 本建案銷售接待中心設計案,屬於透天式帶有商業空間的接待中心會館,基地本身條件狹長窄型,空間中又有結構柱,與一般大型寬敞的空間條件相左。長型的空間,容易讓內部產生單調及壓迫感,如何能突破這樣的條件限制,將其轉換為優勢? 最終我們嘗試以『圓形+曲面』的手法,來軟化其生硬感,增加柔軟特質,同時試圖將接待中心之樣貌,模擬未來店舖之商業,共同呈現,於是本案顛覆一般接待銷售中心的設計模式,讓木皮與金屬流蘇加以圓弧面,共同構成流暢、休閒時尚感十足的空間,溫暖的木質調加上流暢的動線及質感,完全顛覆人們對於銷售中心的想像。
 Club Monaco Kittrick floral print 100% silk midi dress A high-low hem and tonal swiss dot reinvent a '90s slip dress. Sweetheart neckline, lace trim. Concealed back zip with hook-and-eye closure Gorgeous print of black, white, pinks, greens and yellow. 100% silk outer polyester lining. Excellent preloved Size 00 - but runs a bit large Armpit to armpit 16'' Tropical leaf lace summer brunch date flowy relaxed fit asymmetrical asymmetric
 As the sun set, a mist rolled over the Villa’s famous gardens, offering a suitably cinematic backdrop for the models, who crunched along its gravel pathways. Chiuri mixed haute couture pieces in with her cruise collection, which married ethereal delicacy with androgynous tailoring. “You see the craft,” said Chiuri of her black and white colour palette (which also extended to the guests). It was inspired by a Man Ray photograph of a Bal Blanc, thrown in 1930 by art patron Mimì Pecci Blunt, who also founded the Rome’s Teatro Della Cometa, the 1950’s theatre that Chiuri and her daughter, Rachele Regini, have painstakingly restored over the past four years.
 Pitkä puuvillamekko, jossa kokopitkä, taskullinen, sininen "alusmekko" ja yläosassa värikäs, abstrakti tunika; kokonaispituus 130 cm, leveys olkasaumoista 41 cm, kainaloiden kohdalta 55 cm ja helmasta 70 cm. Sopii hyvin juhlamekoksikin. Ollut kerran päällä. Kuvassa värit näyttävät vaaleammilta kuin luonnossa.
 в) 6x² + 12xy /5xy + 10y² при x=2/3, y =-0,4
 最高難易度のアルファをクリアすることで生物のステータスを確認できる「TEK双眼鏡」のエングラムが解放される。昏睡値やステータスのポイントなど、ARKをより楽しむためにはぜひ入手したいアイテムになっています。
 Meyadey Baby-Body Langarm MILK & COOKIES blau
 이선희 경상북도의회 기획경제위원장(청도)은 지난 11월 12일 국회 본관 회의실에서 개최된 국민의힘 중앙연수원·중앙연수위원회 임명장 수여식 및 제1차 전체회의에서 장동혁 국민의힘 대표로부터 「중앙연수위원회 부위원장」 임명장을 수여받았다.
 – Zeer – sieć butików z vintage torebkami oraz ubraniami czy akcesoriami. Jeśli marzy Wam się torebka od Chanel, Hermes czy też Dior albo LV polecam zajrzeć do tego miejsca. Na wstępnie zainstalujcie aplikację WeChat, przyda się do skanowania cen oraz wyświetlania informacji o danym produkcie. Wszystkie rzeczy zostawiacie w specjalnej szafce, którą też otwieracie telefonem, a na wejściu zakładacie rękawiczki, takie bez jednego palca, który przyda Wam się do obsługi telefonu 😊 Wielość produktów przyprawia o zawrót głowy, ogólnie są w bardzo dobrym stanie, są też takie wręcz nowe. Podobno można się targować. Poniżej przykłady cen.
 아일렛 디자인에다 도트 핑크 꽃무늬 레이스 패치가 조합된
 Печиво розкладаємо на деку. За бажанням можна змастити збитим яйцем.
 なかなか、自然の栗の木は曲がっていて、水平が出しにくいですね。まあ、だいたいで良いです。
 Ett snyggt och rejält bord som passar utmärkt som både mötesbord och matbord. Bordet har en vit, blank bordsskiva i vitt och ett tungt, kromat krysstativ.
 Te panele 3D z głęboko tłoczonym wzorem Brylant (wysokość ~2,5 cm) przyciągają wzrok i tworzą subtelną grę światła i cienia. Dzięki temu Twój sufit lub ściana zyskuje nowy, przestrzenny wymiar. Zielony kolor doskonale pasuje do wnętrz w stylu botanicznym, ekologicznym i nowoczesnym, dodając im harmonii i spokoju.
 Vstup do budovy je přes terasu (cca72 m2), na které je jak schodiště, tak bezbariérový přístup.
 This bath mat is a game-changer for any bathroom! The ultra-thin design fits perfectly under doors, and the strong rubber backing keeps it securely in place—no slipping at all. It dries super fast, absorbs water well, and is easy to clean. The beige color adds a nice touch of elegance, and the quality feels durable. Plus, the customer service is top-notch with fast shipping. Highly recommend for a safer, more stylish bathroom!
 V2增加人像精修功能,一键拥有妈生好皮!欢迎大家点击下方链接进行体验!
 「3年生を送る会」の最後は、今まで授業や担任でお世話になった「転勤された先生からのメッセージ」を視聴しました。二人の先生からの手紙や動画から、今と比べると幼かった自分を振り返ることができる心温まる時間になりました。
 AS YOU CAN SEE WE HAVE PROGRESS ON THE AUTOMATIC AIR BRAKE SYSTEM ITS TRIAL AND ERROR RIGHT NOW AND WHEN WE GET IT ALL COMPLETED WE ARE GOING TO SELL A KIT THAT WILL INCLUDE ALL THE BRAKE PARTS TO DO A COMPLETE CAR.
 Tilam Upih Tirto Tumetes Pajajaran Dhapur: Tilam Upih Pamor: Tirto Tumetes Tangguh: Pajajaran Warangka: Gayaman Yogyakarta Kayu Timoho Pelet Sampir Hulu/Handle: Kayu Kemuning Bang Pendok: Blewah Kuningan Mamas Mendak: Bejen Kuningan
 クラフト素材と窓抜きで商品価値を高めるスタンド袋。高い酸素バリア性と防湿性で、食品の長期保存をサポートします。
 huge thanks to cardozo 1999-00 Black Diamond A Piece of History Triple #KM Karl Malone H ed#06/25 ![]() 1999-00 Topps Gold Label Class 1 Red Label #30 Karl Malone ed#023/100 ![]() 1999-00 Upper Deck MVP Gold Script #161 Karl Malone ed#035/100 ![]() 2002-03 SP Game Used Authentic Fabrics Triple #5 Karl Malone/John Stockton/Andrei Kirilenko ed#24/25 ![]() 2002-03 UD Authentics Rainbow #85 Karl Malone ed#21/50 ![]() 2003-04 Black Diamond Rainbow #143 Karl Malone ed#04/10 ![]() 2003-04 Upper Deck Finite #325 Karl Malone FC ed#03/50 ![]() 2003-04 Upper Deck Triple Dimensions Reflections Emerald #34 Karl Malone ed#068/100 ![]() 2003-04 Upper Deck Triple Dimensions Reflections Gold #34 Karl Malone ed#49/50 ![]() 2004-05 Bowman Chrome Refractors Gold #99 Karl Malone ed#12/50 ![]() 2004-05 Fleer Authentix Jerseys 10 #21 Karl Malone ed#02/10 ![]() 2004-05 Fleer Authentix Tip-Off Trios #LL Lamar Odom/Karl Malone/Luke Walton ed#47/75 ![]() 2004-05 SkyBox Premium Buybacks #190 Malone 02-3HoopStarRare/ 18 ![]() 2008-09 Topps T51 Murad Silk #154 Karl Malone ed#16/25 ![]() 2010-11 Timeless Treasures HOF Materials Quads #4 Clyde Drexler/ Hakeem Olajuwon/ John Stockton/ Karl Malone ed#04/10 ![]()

# # #

> Problem requirements:
The answer must be the data above, repeated exactly as it stands.

> Response for this exercise:
 本建案銷售接待中心設計案,屬於透天式帶有商業空間的接待中心會館,基地本身條件狹長窄型,空間中又有結構柱,與一般大型寬敞的空間條件相左。長型的空間,容易讓內部產生單調及壓迫感,如何能突破這樣的條件限制,將其轉換為優勢? 最終我們嘗試以『圓形+曲面』的手法,來軟化其生硬感,增加柔軟特質,同時試圖將接待中心之樣貌,模擬未來店舖之商業,共同呈現,於是本案顛覆一般接待銷售中心的設計模式,讓木皮與金屬流蘇加以圓弧面,共同構成流暢、休閒時尚感十足的空間,溫暖的木質調加上流暢的動線及質感,完全顛覆人們對於銷售中心的想像。
 Club Monaco Kittrick floral print 100% silk midi dress A high-low hem and tonal swiss dot reinvent a '90s slip dress. Sweetheart neckline, lace trim. Concealed back zip with hook-and-eye closure Gorgeous print of black, white, pinks, greens and yellow. 100% silk outer polyester lining. Excellent preloved Size 00 - but runs a bit large Armpit to armpit 16'' Tropical leaf lace summer brunch date flowy relaxed fit asymmetrical asymmetric
 As the sun set, a mist rolled over the Villa’s famous gardens, offering a suitably cinematic backdrop for the models, who crunched along its gravel pathways. Chiuri mixed haute couture pieces in with her cruise collection, which married ethereal delicacy with androgynous tailoring. “You see the craft,” said Chiuri of her black and white colour palette (which also extended to the guests). It was inspired by a Man Ray photograph of a Bal Blanc, thrown in 1930 by art patron Mimì Pecci Blunt, who also founded the Rome’s Teatro Della Cometa, the 1950’s theatre that Chiuri and her daughter, Rachele Regini, have painstakingly restored over the past four years.
 Pitkä puuvillamekko, jossa kokopitkä, taskullinen, sininen "alusmekko" ja yläosassa värikäs, abstrakti tunika; kokonaispituus 130 cm, leveys olkasaumoista 41 cm, kainaloiden kohdalta 55 cm ja helmasta 70 cm. Sopii hyvin juhlamekoksikin. Ollut kerran päällä. Kuvassa värit näyttävät vaaleammilta kuin luonnossa.
 в) 6x² + 12xy /5xy + 10y² при x=2/3, y =-0,4
 最高難易度のアルファをクリアすることで生物のステータスを確認できる「TEK双眼鏡」のエングラムが解放される。昏睡値やステータスのポイントなど、ARKをより楽しむためにはぜひ入手したいアイテムになっています。
 Meyadey Baby-Body Langarm MILK & COOKIES blau
 이선희 경상북도의회 기획경제위원장(청도)은 지난 11월 12일 국회 본관 회의실에서 개최된 국민의힘 중앙연수원·중앙연수위원회 임명장 수여식 및 제1차 전체회의에서 장동혁 국민의힘 대표로부터 「중앙연수위원회 부위원장」 임명장을 수여받았다.
 – Zeer – sieć butików z vintage torebkami oraz ubraniami czy akcesoriami. Jeśli marzy Wam się torebka od Chanel, Hermes czy też Dior albo LV polecam zajrzeć do tego miejsca. Na wstępnie zainstalujcie aplikację WeChat, przyda się do skanowania cen oraz wyświetlania informacji o danym produkcie. Wszystkie rzeczy zostawiacie w specjalnej szafce, którą też otwieracie telefonem, a na wejściu zakładacie rękawiczki, takie bez jednego palca, który przyda Wam się do obsługi telefonu 😊 Wielość produktów przyprawia o zawrót głowy, ogólnie są w bardzo dobrym stanie, są też takie wręcz nowe. Podobno można się targować. Poniżej przykłady cen.
 아일렛 디자인에다 도트 핑크 꽃무늬 레이스 패치가 조합된
 Печиво розкладаємо на деку. За бажанням можна змастити збитим яйцем.
 なかなか、自然の栗の木は曲がっていて、水平が出しにくいですね。まあ、だいたいで良いです。
 Ett snyggt och rejält bord som passar utmärkt som både mötesbord och matbord. Bordet har en vit, blank bordsskiva i vitt och ett tungt, kromat krysstativ.
 Te panele 3D z głęboko tłoczonym wzorem Brylant (wysokość ~2,5 cm) przyciągają wzrok i tworzą subtelną grę światła i cienia. Dzięki temu Twój sufit lub ściana zyskuje nowy, przestrzenny wymiar. Zielony kolor doskonale pasuje do wnętrz w stylu botanicznym, ekologicznym i nowoczesnym, dodając im harmonii i spokoju.
 Vstup do budovy je přes terasu (cca72 m2), na které je jak schodiště, tak bezbariérový přístup.
 This bath mat is a game-changer for any bathroom! The ultra-thin design fits perfectly under doors, and the strong rubber backing keeps it securely in place—no slipping at all. It dries super fast, absorbs water well, and is easy to clean. The beige color adds a nice touch of elegance, and the quality feels durable. Plus, the customer service is top-notch with fast shipping. Highly recommend for a safer, more stylish bathroom!
 V2增加人像精修功能,一键拥有妈生好皮!欢迎大家点击下方链接进行体验!
 「3年生を送る会」の最後は、今まで授業や担任でお世話になった「転勤された先生からのメッセージ」を視聴しました。二人の先生からの手紙や動画から、今と比べると幼かった自分を振り返ることができる心温まる時間になりました。
 AS YOU CAN SEE WE HAVE PROGRESS ON THE AUTOMATIC AIR BRAKE SYSTEM ITS TRIAL AND ERROR RIGHT NOW AND WHEN WE GET IT ALL COMPLETED WE ARE GOING TO SELL A KIT THAT WILL INCLUDE ALL THE BRAKE PARTS TO DO A COMPLETE CAR.
 Tilam Upih Tirto Tumetes Pajajaran Dhapur: Tilam Upih Pamor: Tirto Tumetes Tangguh: Pajajaran Warangka: Gayaman Yogyakarta Kayu Timoho Pelet Sampir Hulu/Handle: Kayu Kemuning Bang Pendok: Blewah Kuningan Mamas Mendak: Bejen Kuningan
 クラフト素材と窓抜きで商品価値を高めるスタンド袋。高い酸素バリア性と防湿性で、食品の長期保存をサポートします。
 huge thanks to cardozo 1999-00 Black Diamond A Piece of History Triple #KM Karl Malone H ed#06/25 ![]() 1999-00 Topps Gold Label Class 1 Red Label #30 Karl Malone ed#023/100 ![]() 1999-00 Upper Deck MVP Gold Script #161 Karl Malone ed#035/100 ![]() 2002-03 SP Game Used Authentic Fabrics Triple #5 Karl Malone/John Stockton/Andrei Kirilenko ed#24/25 ![]() 2002-03 UD Authentics Rainbow #85 Karl Malone ed#21/50 ![]() 2003-04 Black Diamond Rainbow #143 Karl Malone ed#04/10 ![]() 2003-04 Upper Deck Finite #325 Karl Malone FC ed#03/50 ![]() 2003-04 Upper Deck Triple Dimensions Reflections Emerald #34 Karl Malone ed#068/100 ![]() 2003-04 Upper Deck Triple Dimensions Reflections Gold #34 Karl Malone ed#49/50 ![]() 2004-05 Bowman Chrome Refractors Gold #99 Karl Malone ed#12/50 ![]() 2004-05 Fleer Authentix Jerseys 10 #21 Karl Malone ed#02/10 ![]() 2004-05 Fleer Authentix Tip-Off Trios #LL Lamar Odom/Karl Malone/Luke Walton ed#47/75 ![]() 2004-05 SkyBox Premium Buybacks #190 Malone 02-3HoopStarRare/ 18 ![]() 2008-09 Topps T51 Murad Silk #154 Karl Malone ed#16/25 ![]() 2010-11 Timeless Treasures HOF Materials Quads #4 Clyde Drexler/ Hakeem Olajuwon/ John Stockton/ Karl Malone ed#04/10 ![]()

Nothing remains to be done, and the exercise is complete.